Gervais is brilliant in this film, especially in the hospital scenes when he answers one of those annoying questionnares about everything from when he last ate solid food to how well his laxatives worked. How we’d all love to say the things he does in this scene! He’s also great in his scenes with Gwen (Tea Leoni, in a quirky, captivating performance) with whom he falls in love. Gwen, you see, was married to Frank Herlihy (Greg Kinnear), a businessman who cheated on her. Now Frank (who recently died and is now a ghost) wants the doctor to sway Gwen away from marrying a self-righteous jerk who is involved in organizing medical help for Third World countries (that doesn’t make him a jerk, of course, it’s the way the character is written, as some sort of modern day savior). Kinnear, who is making a nice living playing everyday characters with some annoying tics, won’t give up until Dr. Pincus does the job he asks him to carry out. The more the doctor resists, the more Frank talks to the other ghosts he knows and convinces them to ask the doctor to help them as well.

While the film plays cute at times, the story is effective enough and the performances are so good that we accept some of the limitations of the project. Yet there is one brilliant scene in the film that few have discussed. The message here is that when you die, you don’t just go to heaven (or the other place) right away. No, it turns out that we all have some unfinished business we need to have taken care of. As we’re dead, we can’t do it, so we have to tell our story to someone who has undergone death and has then come back to life.

The scene comes after Dr. Pincus’ associate tells him that one day he should understand that the world doesn’t revolve around him and that he needs to actually listen to other people and help them from time to time. It sounds a bit corny, but it comes across in a subtle way and when Pincus finally understands that message, he becomes a new man, so to speak.

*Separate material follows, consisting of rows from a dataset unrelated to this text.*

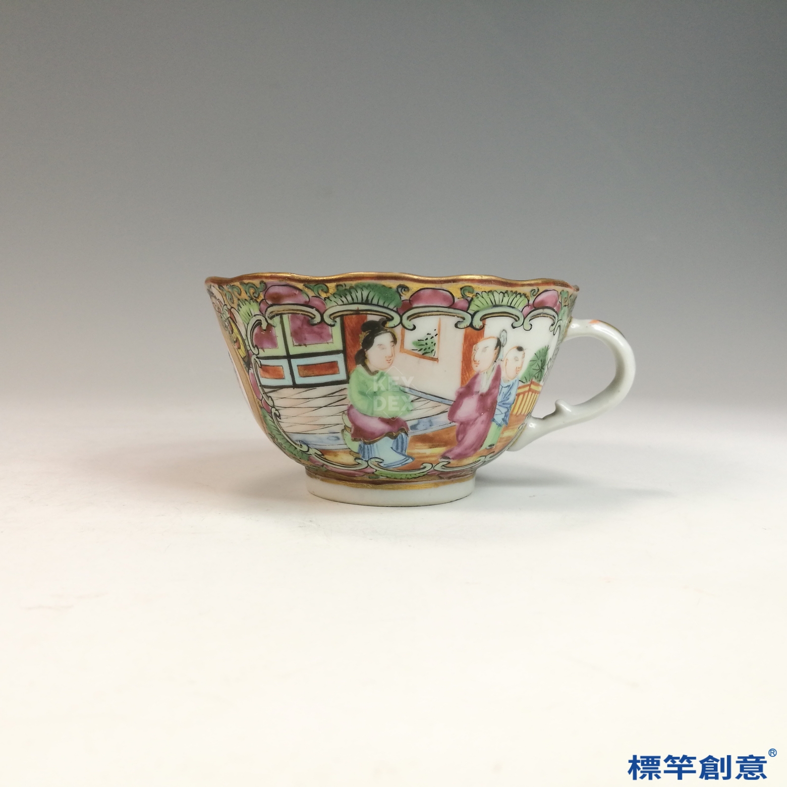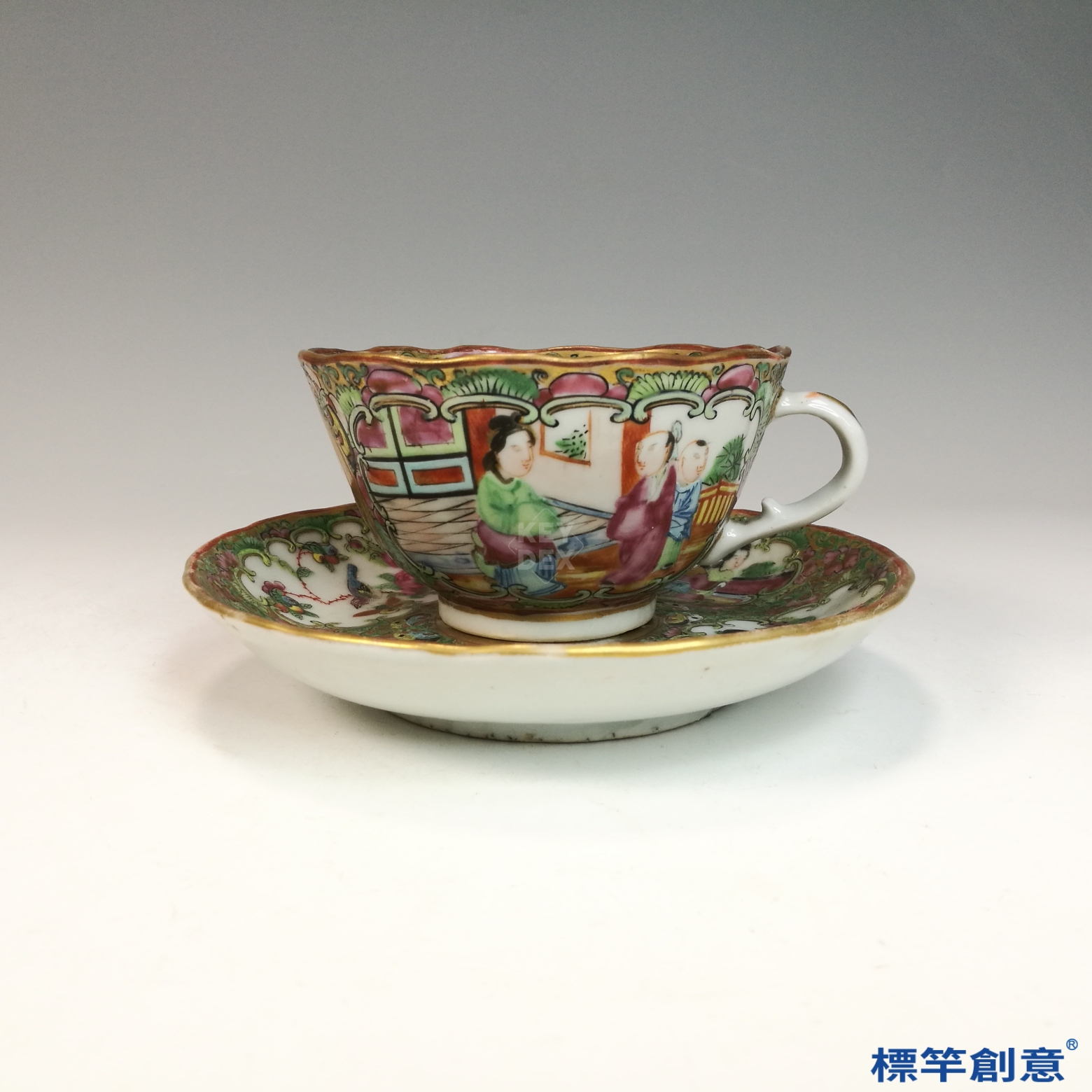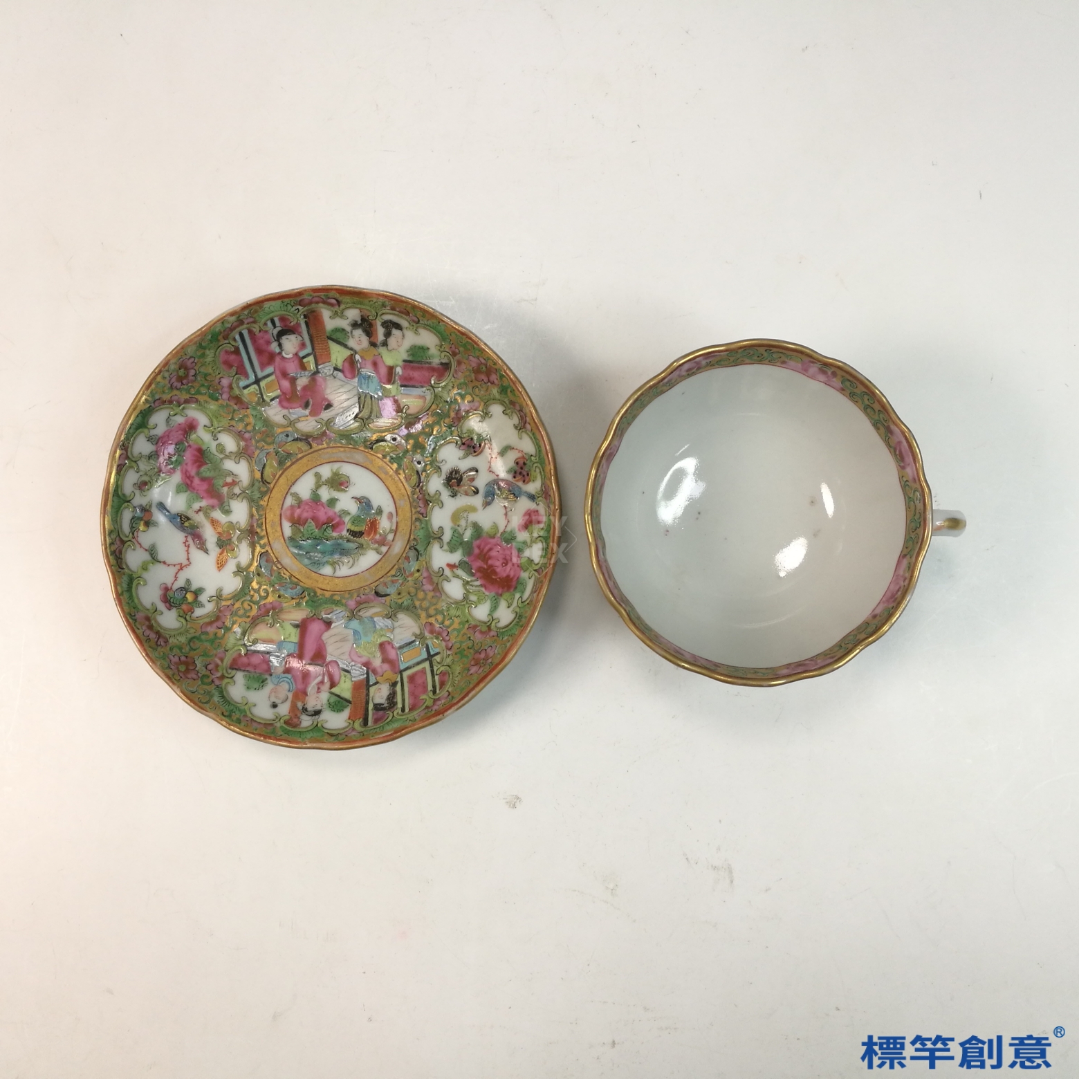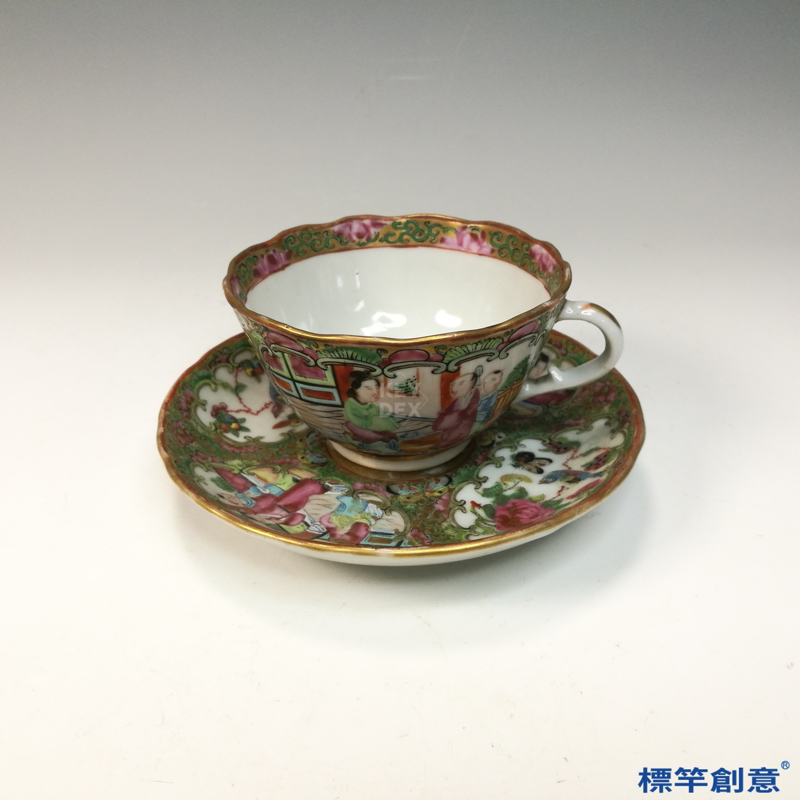 IA071 清同治廣彩描金人物故事咖啡杯托盤一組
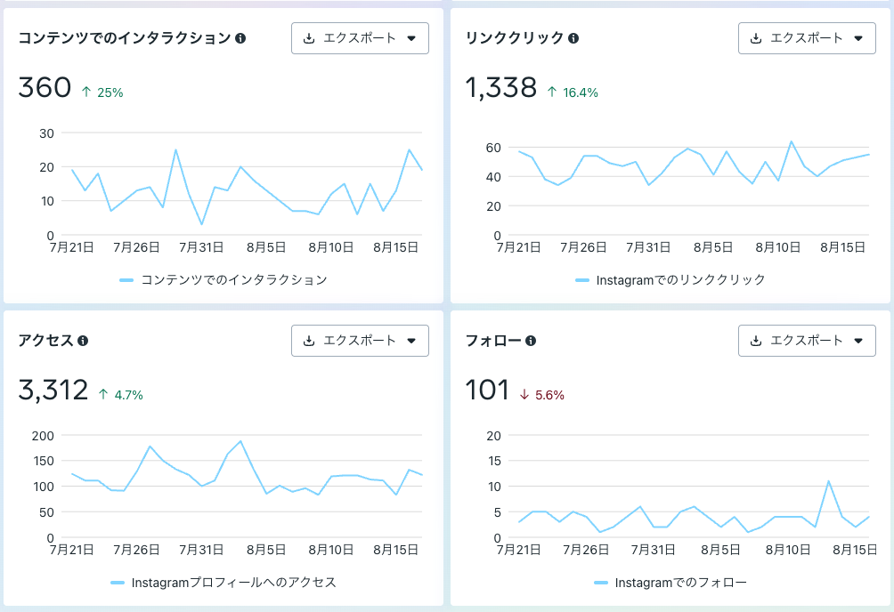 認知を狙うなら、まずはリーチとインプレッションを安定的に伸ばしつつ、保存率とプロフィールアクセスの推移を見ましょう。
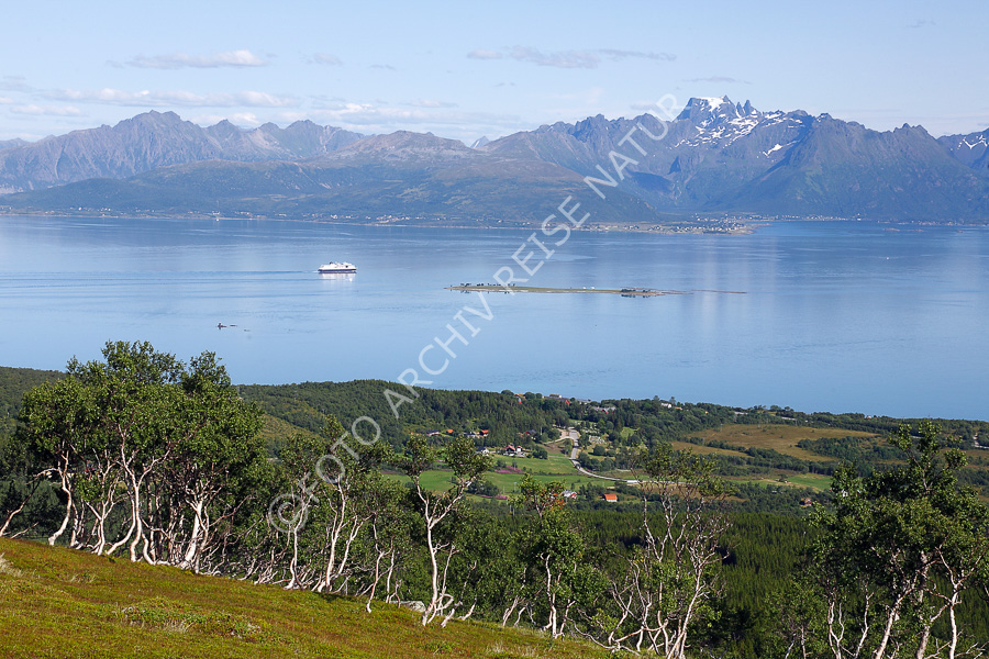 Keywords: Baum, Berg, Bergkette, Birke, Betula, Birkengewächs, Fjell, Fjellbirke, Betula pubescens, Fjord, Flora, Gebirge, Gewässer, Hadselfjorden, Hadseløya, Landschaft, Nordland, Norwegen, Vesterålen, Ørnheia,
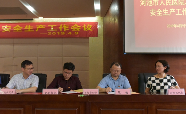 4月9日下午,2019年安全生产工作会议在我院门诊综合楼23楼多功能厅召开,会议由韦仁杰副院长主持,院领导班子、中层干部及医院职工代表参加会议。
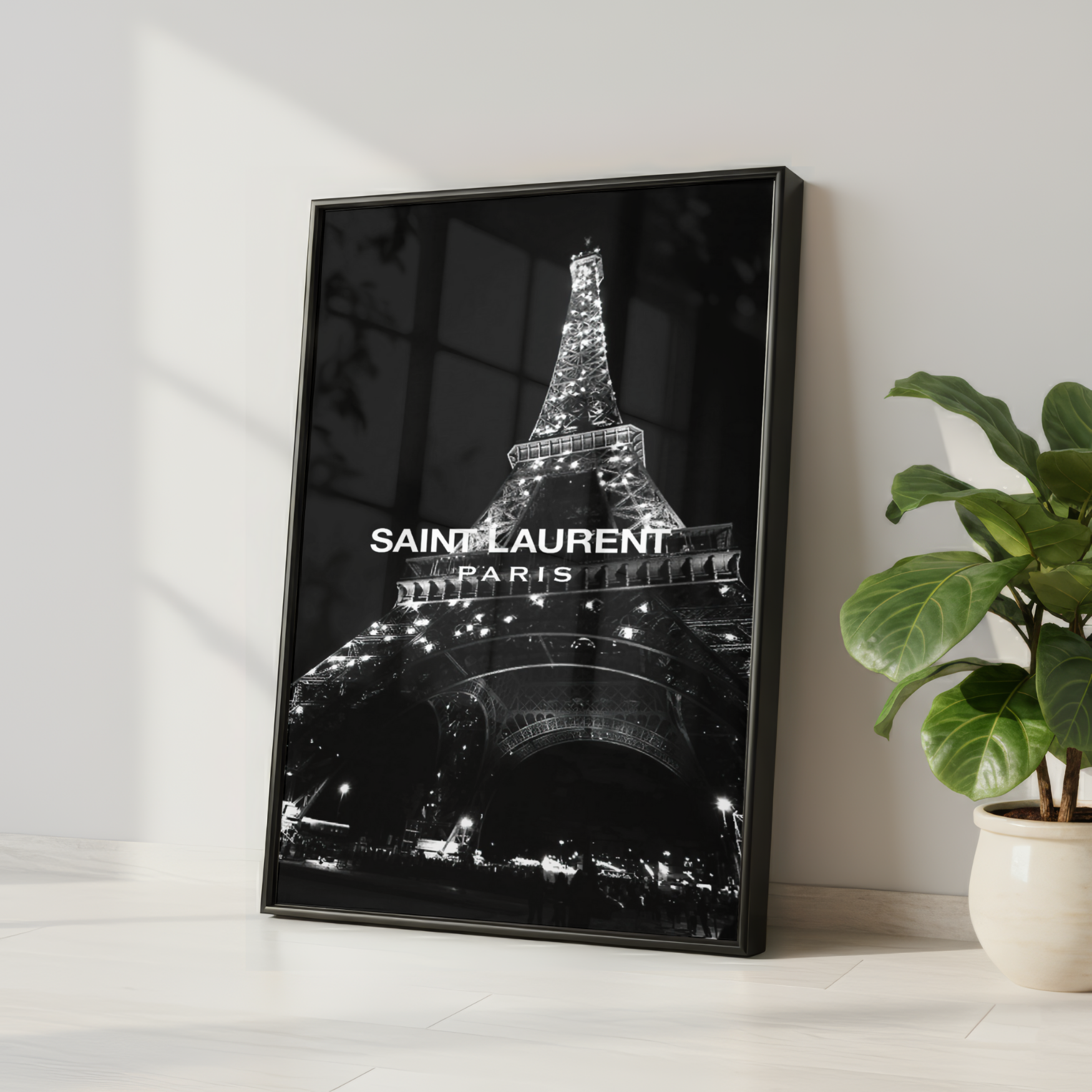 Add bold Parisian glamour to your space with this striking black and white fashion wall art print. Featuring the iconic Eiffel Tower captured in dramatic monochrome with Saint Laurent Paris–inspired styling, this piece blends timeless architecture with high-fashion attitude.

Dr. Pincus goes to the ghosts and listens to their stories. All the ghosts have requests for him; some are simple like the father who needs to tell his son where he lost his stuffed animal, while other are more dramatic, like the construction workers who die because of a mechanical problem on their truck. They know why they died, but their foreman thinks he was careless and caused their deaths. They can’t tell him, so Dr. Pincus must relieve this man of his overwhelming guilt.

The scene that follows is really quite special, told without words with only a quiet, bittersweet theme performed by violin and piano as Pincus goes to the people whose lives were touched by these ghosts before they died. As the doctor clears things up with the living, we see the ghosts’ reactions for a second just before the screen turns to white, signifying their departure to their afterlife. It’s a very moving scene and it’s one that has a touch of Frank Capra to it. Like one of the great scenes from Capra's best works such as Meet John Doe or Mr. Smith Goes to Washington, this scene does share a common message of humanity – all of us need to show our fellow man a little more understanding. It’s this decency that made Capra’s films ring true and it’s this same feeling that makes this scene so wonderful.

It’s this message that makes Ghost Town an above average comedy. The film ends with a cute line about Dr. Pincus being able to help Gwen with a minor problem (or is it a major one?), but it’s a line that fits perfectly and has a sentiment that has been earned. How nice that writer/director David Koepp fashioned a modern-day comedy that isn’t afraid to deal with our deepest emotions about our fellow man.